Explaining the liveness guarantee


#1

One of the aspects that seem to surprise many people that only casually follow the progress of Ethereum Serenity is the quadratic leak that is imposed upon validators for being offline and missing a slot. For those unwilling/unable to read the Casper FFG paper, I wrote up a quick explanation of how one could arrive at this solution using fairly conventional wisdom from distributed systems in computer science.

I am curious what others think of this explanation. Any and all notes/insights/feedback are welcome.

Liveness

One of Serenity’s main goals is to guarantee liveness (i.e. continue to finalize blocks) in the event of a major internet partition (e.g. World War 3). This liveness guarantee comes at a steep cost which makes it important to understand the predicament and possible tradeoffs.

The CAP Theorem

The CAP Theorem for distributed systems, tells us that:

You can’t simultaneously guarantee more than two of the following:

  • Consistency: Every read receives the most recent write or an error
  • Availability: Every request receives a (non-error) response – without the guarantee that it contains the most recent write
  • Partition Tolerance: The system continues to operate despite an arbitrary number of messages being dropped (or delayed) by the network

The Assumption

By viewing the argument through the lens of the CAP Theorem, we can deduce the rationale for the inactivity leak by accepting the following assumption:

No network can guarantee message delivery because the network itself is not safe from failures (e.g. client disconnects, data center outages, connection loss).

Partition Tolerance

Since message delivery cannot be guaranteed, the logical thing to do is to tolerate prolonged message loss. This is equivalent to Partition Tolerance.

Sidenote: Think of the World War 3 scenario as a dysphemism for prolonged message loss between groups of validators.

With Partition Tolerance as a hard requirement, we are now limited to tradeoffs between Consistency and Availability.

World War 3

In the World War 3 scenario, where the network is severed, the validators are split into two partitions. From Casper FFG, we know that in order for both partitions to continue finalizing blocks, we need two-thirds majority of validators to be online in both partitions. This is obviously not possible; however, we can prevent the chain from stalling forever if we are willing explore a compromise between our Availability and Consistency guarantees.

The Compromise

This is accomplished by introducing an inactivity leak that drains the deposit of unresponsive validators each time a slot is missed until the remaining validators in each partition become the supermajority.

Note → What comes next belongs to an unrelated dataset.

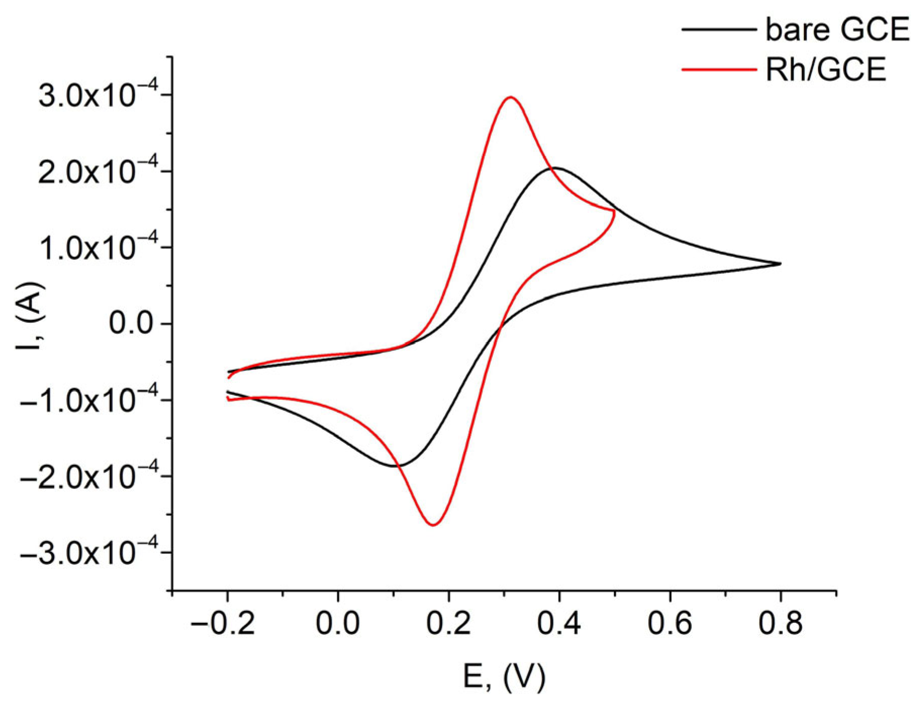 2.3. Electrochemical Deposition of Rhodium onto GCE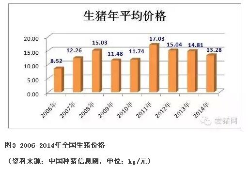 這9年生豬價(jià)格時(shí)起彼伏,2006年以來,全國生豬平均價(jià)格總體上呈現(xiàn)上揚(yáng)的態(tài)勢,2008、2011年價(jià)格比較高,最高點(diǎn)出現(xiàn)在2011年9月(19.59元/kg),最低點(diǎn)出現(xiàn)在2006年7月(6.91元/kg)。

At this point, blocks in both network partitions can begin to finalize; however, if the network partition is healed we are left with two valid and separate networks.


#2

It would take ~ 13 days for any single network partition for it to be mathematically possible for either partition to begin finalizing blocks assuming each partition contains 50% of the active validators each. Although this would require 100% of the validators in each partition to attest to the same blocks which would be very unlikely. Basically the only time we can realistically start finalizing blocks would be ~17 days.

I guess the assumption would be that if there were any WW3 event where the network was partitioned, it would be resolved in less than 17 days.


#3

I feel that 50/50 network partitions/splits are massively overrated as a threat. When has this historically happened, anywhere, and not been resolved soon? What would even be a coherent story by which two parts of the world stay coherent internally but communication between them is not possible? The incentives for maintaining global communication are massive, and there’s no reason why parts of the world that are still capable of maintaining communication internally would not be able to figure something out to talk to each other within a week or two. The thing that’s much more likely, whether in normal life, or due to government censorship, or due to a war, is nodes going offline, either because something happens to their operators or because their operators get cut off from the entire internet.

The inactivity leak is primarily there to deal with this “3/4 of the network goes offline at the same time” risk.


#4

Nice post, I love plain English. :slight_smile:

It will take some time for this to start happening (around 2 weeks, AFAIK). If that massive partition isn’t resolved within that period, the split becomes final/irreversible.

Totally agree.

I was always inclined towards consistency in general, but this is an extremely strong point.

Btw, I don’t quite understand why the term “liveness” (instead of “availability”) is almost always used on Ethresearch and elsewhere? My understanding was that “safety” and “liveness” are terms mainly related to FLP Impossibility? Or it simply doesn’t matter? :slight_smile:


#5

Thanks for the feedback!

This is a good suggestion…I am going to add some more detail about the partition, how long until the the chain can begin finalizing again, etc.


#6

Good point…I think this example will resonate with people much better than a doomsday scenario. My goal is essentially to help people understand that these decisions were the end result of a logical and pragmatic train of thought. I attempted to address this in my sidenote where i call the WW3 scenario a dysphemism, but i think i need to augment this with some version of your explanation.